## TASK BRIEF
Make an exact transcript of the lines in the data below, starting with the one containing "COGSWELL & HARRISON" and going on through the one containing "可爱小狗陶瓷马克杯情侣礼物 白色炸毛小猫", with both included and the pictures left out.

## PROVIDED DATA
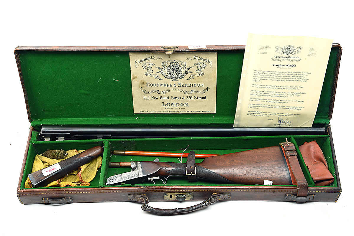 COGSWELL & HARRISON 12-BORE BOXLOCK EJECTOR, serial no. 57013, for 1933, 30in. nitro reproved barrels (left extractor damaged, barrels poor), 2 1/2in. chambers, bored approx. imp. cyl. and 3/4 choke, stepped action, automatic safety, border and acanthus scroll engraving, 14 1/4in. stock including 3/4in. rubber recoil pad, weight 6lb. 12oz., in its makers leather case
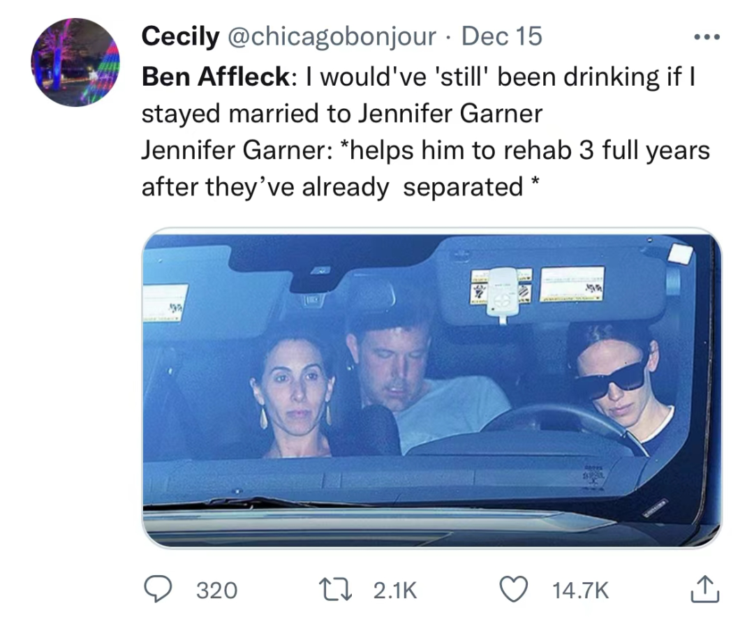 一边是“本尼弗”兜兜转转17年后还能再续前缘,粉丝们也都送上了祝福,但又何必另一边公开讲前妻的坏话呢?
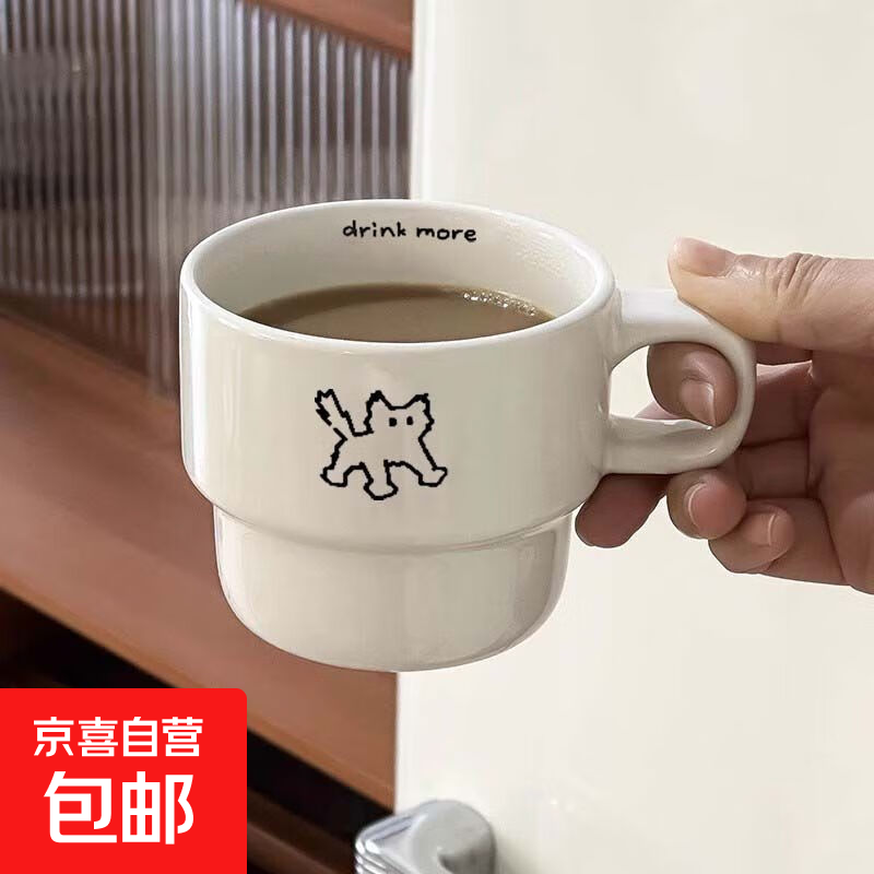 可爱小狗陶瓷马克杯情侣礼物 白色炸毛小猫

==

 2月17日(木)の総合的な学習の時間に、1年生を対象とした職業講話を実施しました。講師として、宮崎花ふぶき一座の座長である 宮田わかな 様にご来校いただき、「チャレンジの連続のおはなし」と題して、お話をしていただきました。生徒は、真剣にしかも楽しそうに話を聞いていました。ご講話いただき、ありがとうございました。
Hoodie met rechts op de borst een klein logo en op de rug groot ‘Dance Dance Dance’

## EXPECTED OUTPUT
 COGSWELL & HARRISON 12-BORE BOXLOCK EJECTOR, serial no. 57013, for 1933, 30in. nitro reproved barrels (left extractor damaged, barrels poor), 2 1/2in. chambers, bored approx. imp. cyl. and 3/4 choke, stepped action, automatic safety, border and acanthus scroll engraving, 14 1/4in. stock including 3/4in. rubber recoil pad, weight 6lb. 12oz., in its makers leather case
 一边是“本尼弗”兜兜转转17年后还能再续前缘,粉丝们也都送上了祝福,但又何必另一边公开讲前妻的坏话呢?
 可爱小狗陶瓷马克杯情侣礼物 白色炸毛小猫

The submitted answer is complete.